### [REQUIRED WORK]
When you copy the entries, match them exactly and omit the pictures.

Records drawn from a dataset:
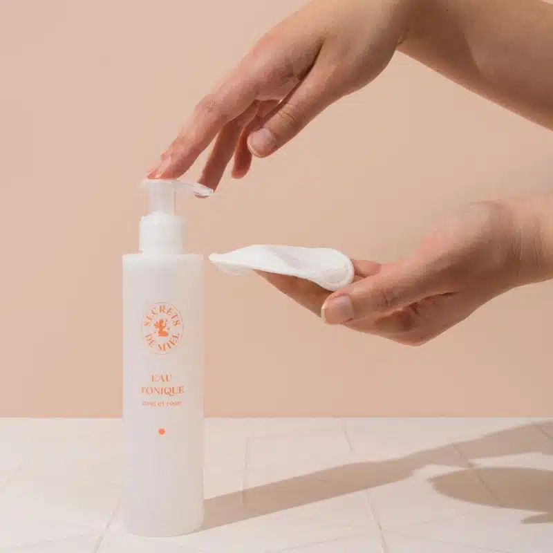 Das Tonic Wasser ist unerlässlich, um das tägliche Reinigungs- und Abschminkritual zu vervollständigen. Tragen Sie unser Honig- und Rosenwasser auf das gesamte Gesicht, den Hals und das Dekolleté auf, um die Poren zu verfeinern, die Haut zu beleben und sie auf die Aufnahme aller Wohltaten der Pflegeprodukte vorzubereiten: Seren, Öle, Tages- und Nachtcreme!
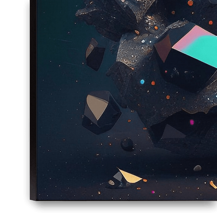 Une éruption explosive de roches déchiquetées et de formes géométriques éclate dans les profondeurs de l'espace et rayonne d'une énergie dynamique. Entouré de fragments vivants et incandescents, le cluster central brille dans des tons orange ardents, dramatiquement sur un fond profond et sombre. Le contraste frappant et la sensation de…
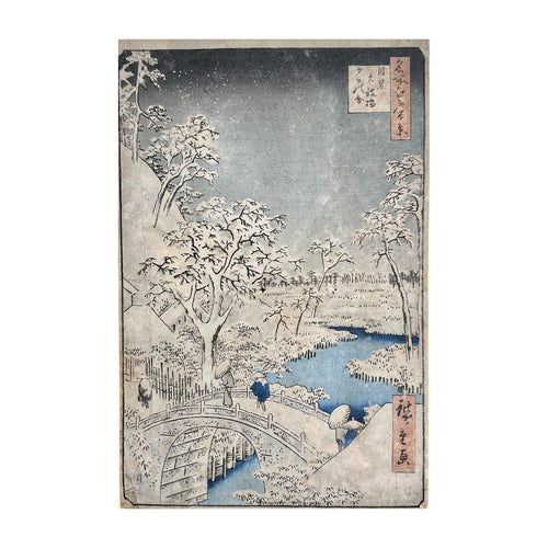 HIROSHIGE UTAGAWA I, Meguro Drum Bridge and Sunset Hill, Meguro Taikobashi Yûhinooka), Meguro Drum Bridge and Sunset Hill under the snow.
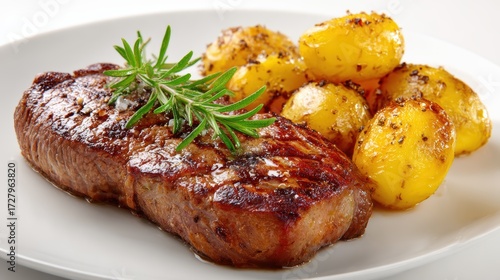 studio shot, steak, rosemary, potato, protein, healthy eating, healthy, appetising, grilled, beef, receipe, nourishment, eatery, roasted, culinary, lunch, meat, food photography, food, fresh, diet, dinner, meal, cooked, plate, epicure, tasty, balanced diet, cookery, culinary arts, delicious, fine dining, gourmet food, meat dish
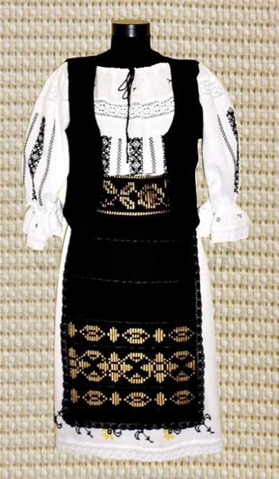 ie traditional romaneasca din panza de bumbac brodata manual cu motive geometrice galben si negru cu maneca ¾ , cu insertie de dantela alba pe piept de jur imprejur si la maneca cu elastic, poale(fusta) alba din panza de bumbac cu insertie de dantela alba pe margini,brodata manual pe poale cu acelasi model de pe ie, 2 catrinte(fote) de 50 cm lungime , fata-spate, tesute in razboi din lana neagra si motive populare cu matase galbena , iar de jur imprejur insertie de dantela neagra , brau din acelasi material si vesta din stofa neagra lana 100% cu insertie de dantela neagra pe margini.
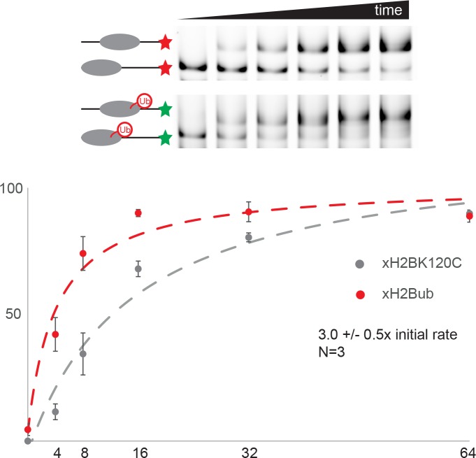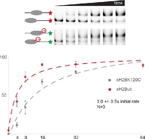 Figure 8âfigure supplement 2. Coupling ubiquitin to Histone H3 K123 directly stimulates Chd1 activity.The dual fluorescence labelling assay described for Figure 8âfigure supplement 1 was applied to study the effect of cross-linking ubiquitin to histone H3 K123. Ubiquitinylated nucleosomes were observed to be repositioned three fold faster than non ubiquitinylated nucleosomes. |
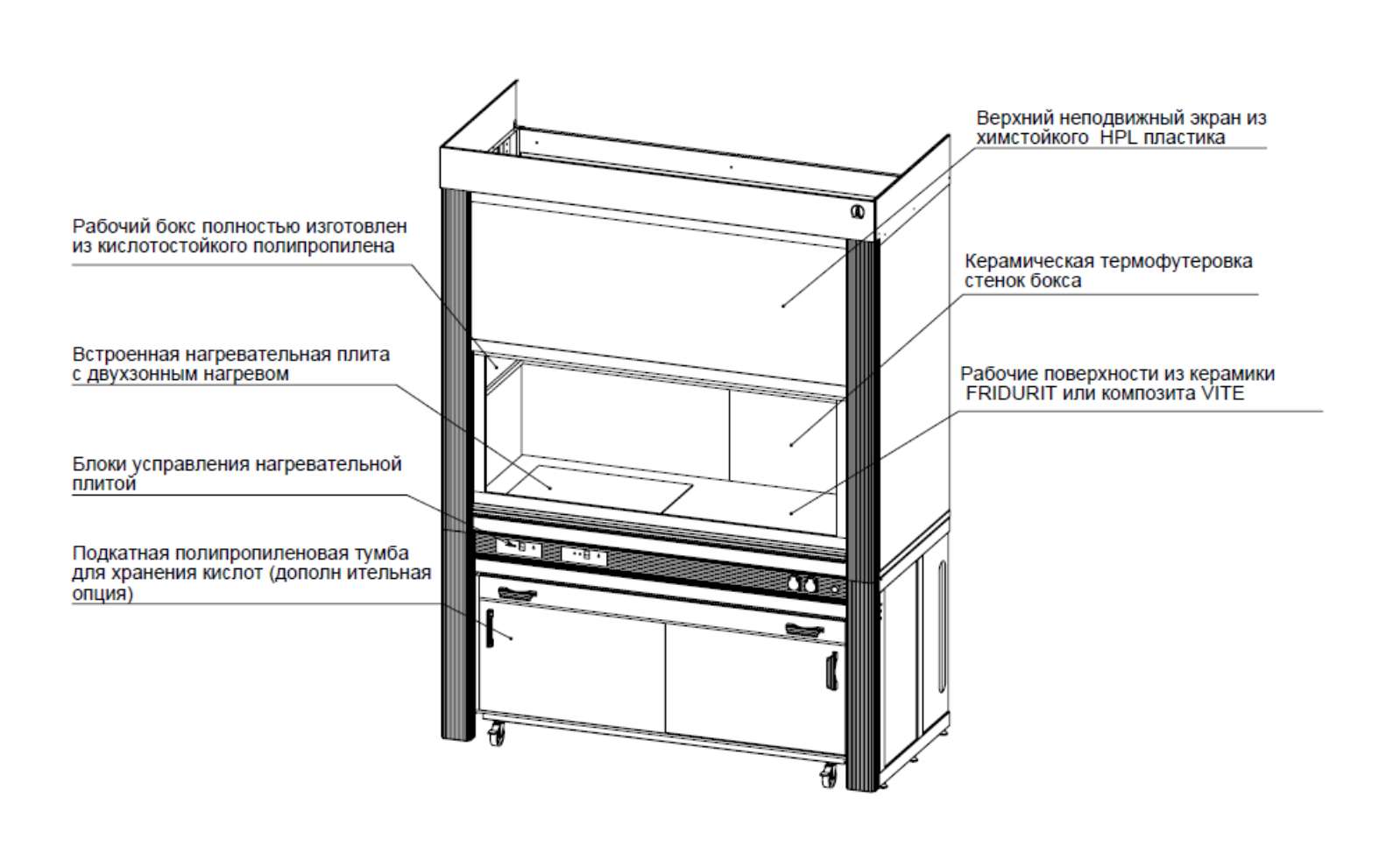 - передний бортик (предохраняет от утечки разлитой жидкости) — кислотостойкая нержавеющая сталь;
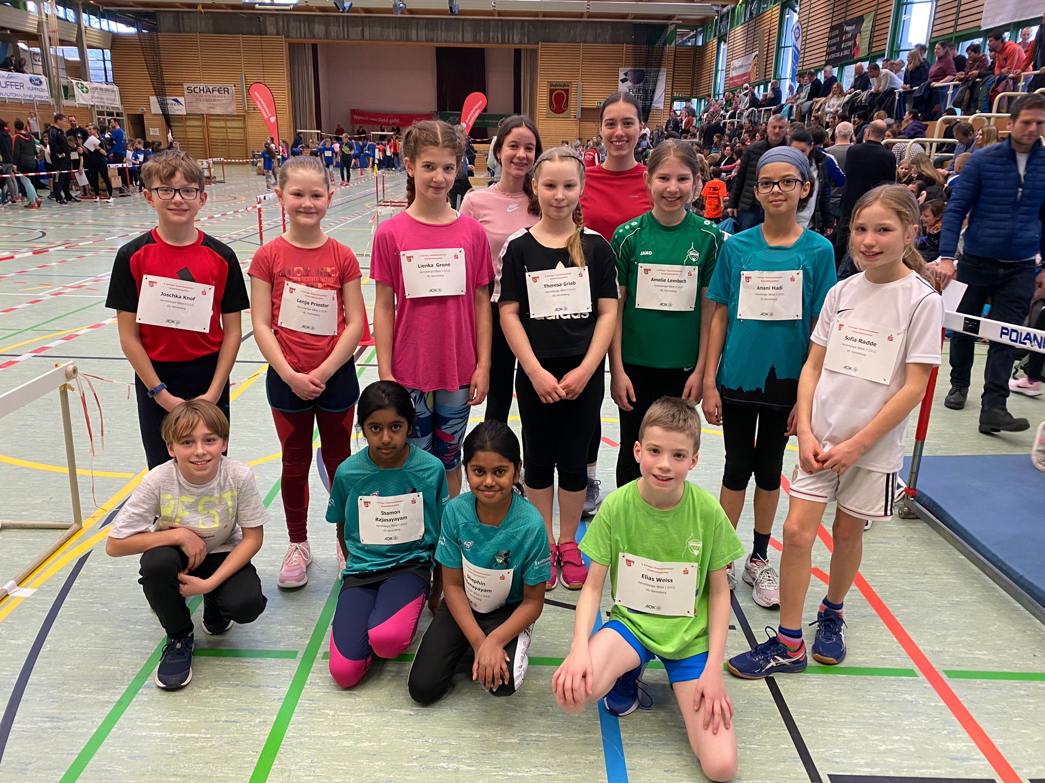 Den Beginn machten vormittags die Kinder der U10 (Jahrgang 2014 & 2015). Hier gingen Ata Karakurt, Tim Lauber, Noah Heldmaier, Leopold Huber, Sophie Kayser & Emil Fabry gemeinsam an den Start. Die 6 durften sich in 5 verschiedenen Disziplinen mit 18 anderen Vereinen messen. Zu den Disziplinen gehörten neben dem 30 m Sprint, das Stoßen mit einem Medizinball, Wechselsprünge auch eine Weitsprung- und Hindernisstaffel. Zum Abschluss des Vormittags gab es noch eine Siegerehrung, bei der die Kinder ihre Urkunden über den 16. Platz in Empfang nehmen durften. Nach dem die Siegerehrung abgeschlossen war, begann der Wettkampf der Gruppen U12 (Jahrgang 2012 & 2013). Hier gingen neben 15 anderen Teams gleich zwei Gruppen des VFL Herrenbergs an den Start. Bei den Herrenberger Blitze 1 gingen Theresa Grieb, Lienka Grone, Elias Weiss, Shephin Rajanayayam & Shamon Rajanayayam an den Start sowie bei den Herrenberger Blitze 2 waren Amani Hadi, Sofia Radde, Lenja Priester, Amelie Lembach, Axel Reptin & Joschka Knof im Team. Die beiden Gruppen durften, wie die U10 auch 5 Disziplinen bestreiten. Diese waren ebenfalls der 30 m Sprint, das Stoßen mit einem Medizinball und die Hindernisstaffel. Zudem durften sich die Kinder in den Disziplinen Fünfsprung sowie beim Scher-Hochsprung messen. Nach verschiedenen spannenden Wettbewerben durften die zwei Teams gegen Abend ihre Urkunden zu einem guten Platz 10 bei der Siegerehrung in Empfang nehmen und konnten so das Wochenende erfolgreich abschließen.
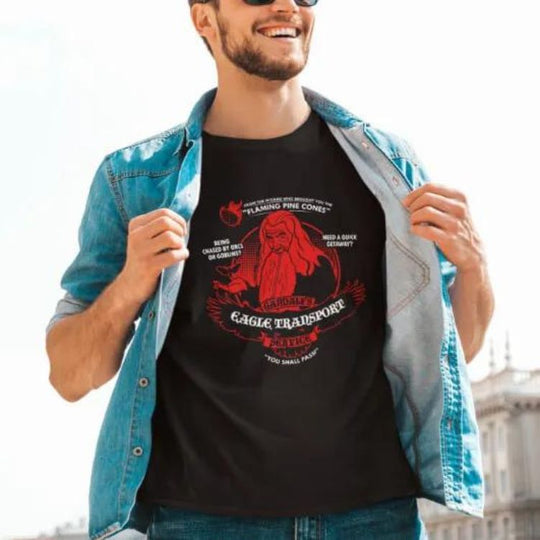 Step into Middle-earth with a touch of humor with our "Gandalf's Transport Service" T-Shirt. Perfect for fans of J.R.R. Tolkien's epic saga, this funny t-shirt adds a whimsical twist to the legendary adventures.Our ethically sourced, 100%...Regular price R329.00 -
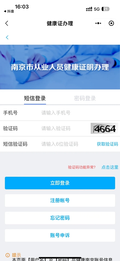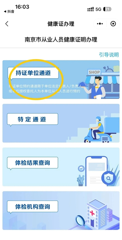 1. 微信小程序--搜索“南京市健康证明办理”或健康南京APP--“健康证体检”,登录后点击“持证单位通道”进入主界面;
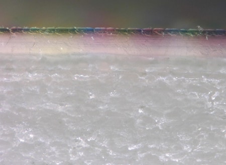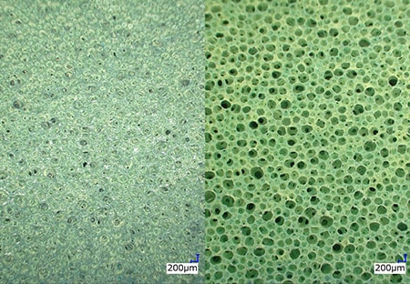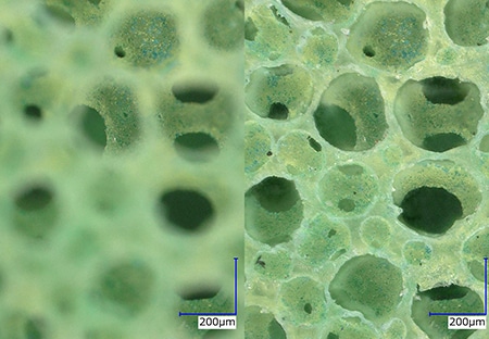Le microscope numérique 4K Série VHX intègre un zoom continu et une fonction de composition en profondeur en direct, qui font automatiquement varier le grossissement jusqu’à un facteur maximal de 6000x. Cette variation automatique du grossissement facilite l’observation détaillée de la texture de surface du rouleau éponge sur des images haute définition et entièrement nettes même sous fort grossissement.
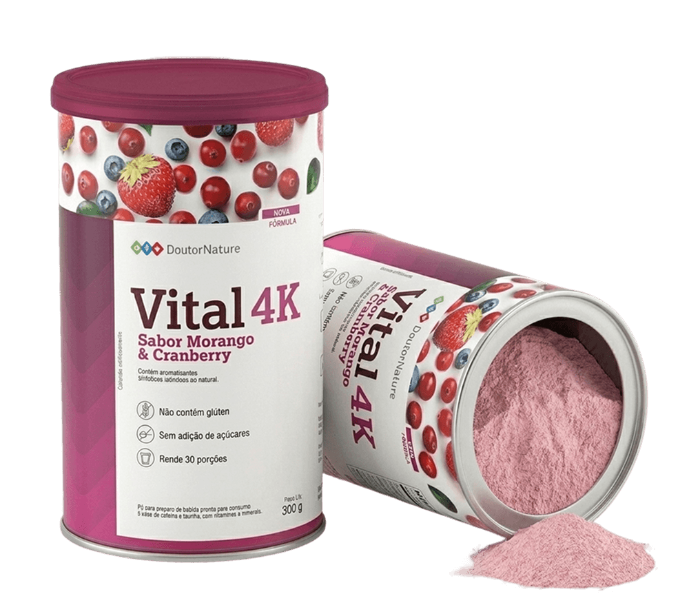 O Vital 4K é um suplemento em pó com polifenóis de frutas vermelhas e roxas, associado a fibras prebióticas. Foi desenvolvido para complementar a rotina diária com foco em bem-estar e equilíbrio intestinal.
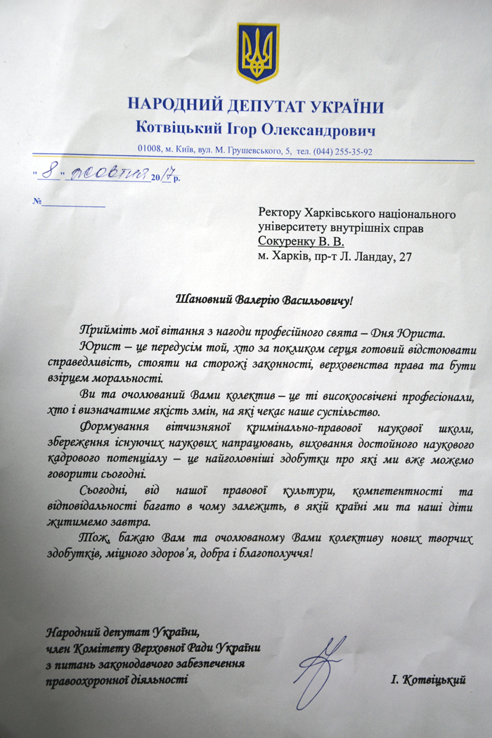 Народний депутат України, член Наглядової ради Ігор Котвіцький привітав колектив Харківського національного університету внутрішніх справ з професійним святом – Днем юриста: «Юрист – це передусім той, хто за покликом серця готовий відстоювати справедливість, стояти на сторожі законності, верховенства права та бути взірцем моральності.
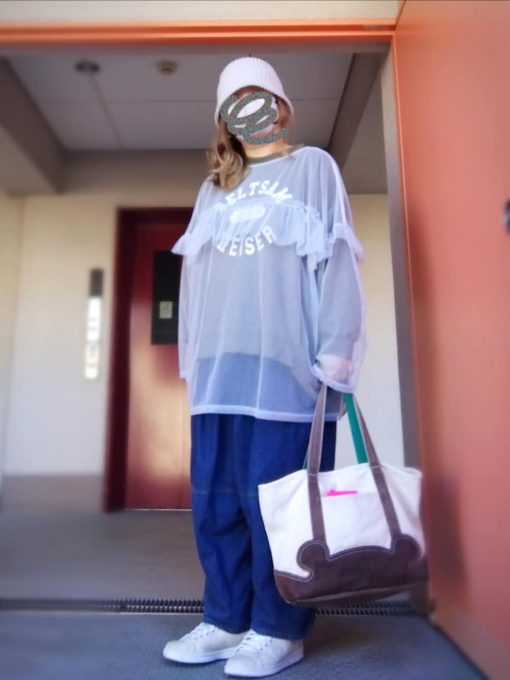 電車で数駅のところに買い物に行ってきた 11月22日のコーデ 今日は最高気温高めだったので 薄手スウェットにチュールT重ね(^ν^) 明日明後日はさらに暖かいらしい… 着るものに悩む日が続くな💧 以上|彡サッ
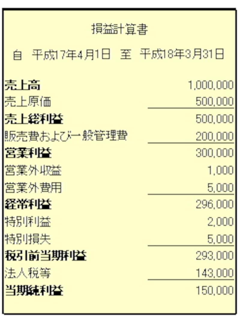 損益計算書は当期純利益の表記までに

### [REPLY TO THE EXERCISE]
 Das Tonic Wasser ist unerlässlich, um das tägliche Reinigungs- und Abschminkritual zu vervollständigen. Tragen Sie unser Honig- und Rosenwasser auf das gesamte Gesicht, den Hals und das Dekolleté auf, um die Poren zu verfeinern, die Haut zu beleben und sie auf die Aufnahme aller Wohltaten der Pflegeprodukte vorzubereiten: Seren, Öle, Tages- und Nachtcreme!
 Une éruption explosive de roches déchiquetées et de formes géométriques éclate dans les profondeurs de l'espace et rayonne d'une énergie dynamique. Entouré de fragments vivants et incandescents, le cluster central brille dans des tons orange ardents, dramatiquement sur un fond profond et sombre. Le contraste frappant et la sensation de…
 HIROSHIGE UTAGAWA I, Meguro Drum Bridge and Sunset Hill, Meguro Taikobashi Yûhinooka), Meguro Drum Bridge and Sunset Hill under the snow.
 studio shot, steak, rosemary, potato, protein, healthy eating, healthy, appetising, grilled, beef, receipe, nourishment, eatery, roasted, culinary, lunch, meat, food photography, food, fresh, diet, dinner, meal, cooked, plate, epicure, tasty, balanced diet, cookery, culinary arts, delicious, fine dining, gourmet food, meat dish
 ie traditional romaneasca din panza de bumbac brodata manual cu motive geometrice galben si negru cu maneca ¾ , cu insertie de dantela alba pe piept de jur imprejur si la maneca cu elastic, poale(fusta) alba din panza de bumbac cu insertie de dantela alba pe margini,brodata manual pe poale cu acelasi model de pe ie, 2 catrinte(fote) de 50 cm lungime , fata-spate, tesute in razboi din lana neagra si motive populare cu matase galbena , iar de jur imprejur insertie de dantela neagra , brau din acelasi material si vesta din stofa neagra lana 100% cu insertie de dantela neagra pe margini.
 Figure 8âfigure supplement 2. Coupling ubiquitin to Histone H3 K123 directly stimulates Chd1 activity.The dual fluorescence labelling assay described for Figure 8âfigure supplement 1 was applied to study the effect of cross-linking ubiquitin to histone H3 K123. Ubiquitinylated nucleosomes were observed to be repositioned three fold faster than non ubiquitinylated nucleosomes. |
 - передний бортик (предохраняет от утечки разлитой жидкости) — кислотостойкая нержавеющая сталь;
 Den Beginn machten vormittags die Kinder der U10 (Jahrgang 2014 & 2015). Hier gingen Ata Karakurt, Tim Lauber, Noah Heldmaier, Leopold Huber, Sophie Kayser & Emil Fabry gemeinsam an den Start. Die 6 durften sich in 5 verschiedenen Disziplinen mit 18 anderen Vereinen messen. Zu den Disziplinen gehörten neben dem 30 m Sprint, das Stoßen mit einem Medizinball, Wechselsprünge auch eine Weitsprung- und Hindernisstaffel. Zum Abschluss des Vormittags gab es noch eine Siegerehrung, bei der die Kinder ihre Urkunden über den 16. Platz in Empfang nehmen durften. Nach dem die Siegerehrung abgeschlossen war, begann der Wettkampf der Gruppen U12 (Jahrgang 2012 & 2013). Hier gingen neben 15 anderen Teams gleich zwei Gruppen des VFL Herrenbergs an den Start. Bei den Herrenberger Blitze 1 gingen Theresa Grieb, Lienka Grone, Elias Weiss, Shephin Rajanayayam & Shamon Rajanayayam an den Start sowie bei den Herrenberger Blitze 2 waren Amani Hadi, Sofia Radde, Lenja Priester, Amelie Lembach, Axel Reptin & Joschka Knof im Team. Die beiden Gruppen durften, wie die U10 auch 5 Disziplinen bestreiten. Diese waren ebenfalls der 30 m Sprint, das Stoßen mit einem Medizinball und die Hindernisstaffel. Zudem durften sich die Kinder in den Disziplinen Fünfsprung sowie beim Scher-Hochsprung messen. Nach verschiedenen spannenden Wettbewerben durften die zwei Teams gegen Abend ihre Urkunden zu einem guten Platz 10 bei der Siegerehrung in Empfang nehmen und konnten so das Wochenende erfolgreich abschließen.
 Step into Middle-earth with a touch of humor with our "Gandalf's Transport Service" T-Shirt. Perfect for fans of J.R.R. Tolkien's epic saga, this funny t-shirt adds a whimsical twist to the legendary adventures.Our ethically sourced, 100%...Regular price R329.00 -
 1. 微信小程序--搜索“南京市健康证明办理”或健康南京APP--“健康证体检”,登录后点击“持证单位通道”进入主界面;
Le microscope numérique 4K Série VHX intègre un zoom continu et une fonction de composition en profondeur en direct, qui font automatiquement varier le grossissement jusqu’à un facteur maximal de 6000x. Cette variation automatique du grossissement facilite l’observation détaillée de la texture de surface du rouleau éponge sur des images haute définition et entièrement nettes même sous fort grossissement.
 O Vital 4K é um suplemento em pó com polifenóis de frutas vermelhas e roxas, associado a fibras prebióticas. Foi desenvolvido para complementar a rotina diária com foco em bem-estar e equilíbrio intestinal.
 Народний депутат України, член Наглядової ради Ігор Котвіцький привітав колектив Харківського національного університету внутрішніх справ з професійним святом – Днем юриста: «Юрист – це передусім той, хто за покликом серця готовий відстоювати справедливість, стояти на сторожі законності, верховенства права та бути взірцем моральності.
 電車で数駅のところに買い物に行ってきた 11月22日のコーデ 今日は最高気温高めだったので 薄手スウェットにチュールT重ね(^ν^) 明日明後日はさらに暖かいらしい… 着るものに悩む日が続くな💧 以上|彡サッ
 損益計算書は当期純利益の表記までに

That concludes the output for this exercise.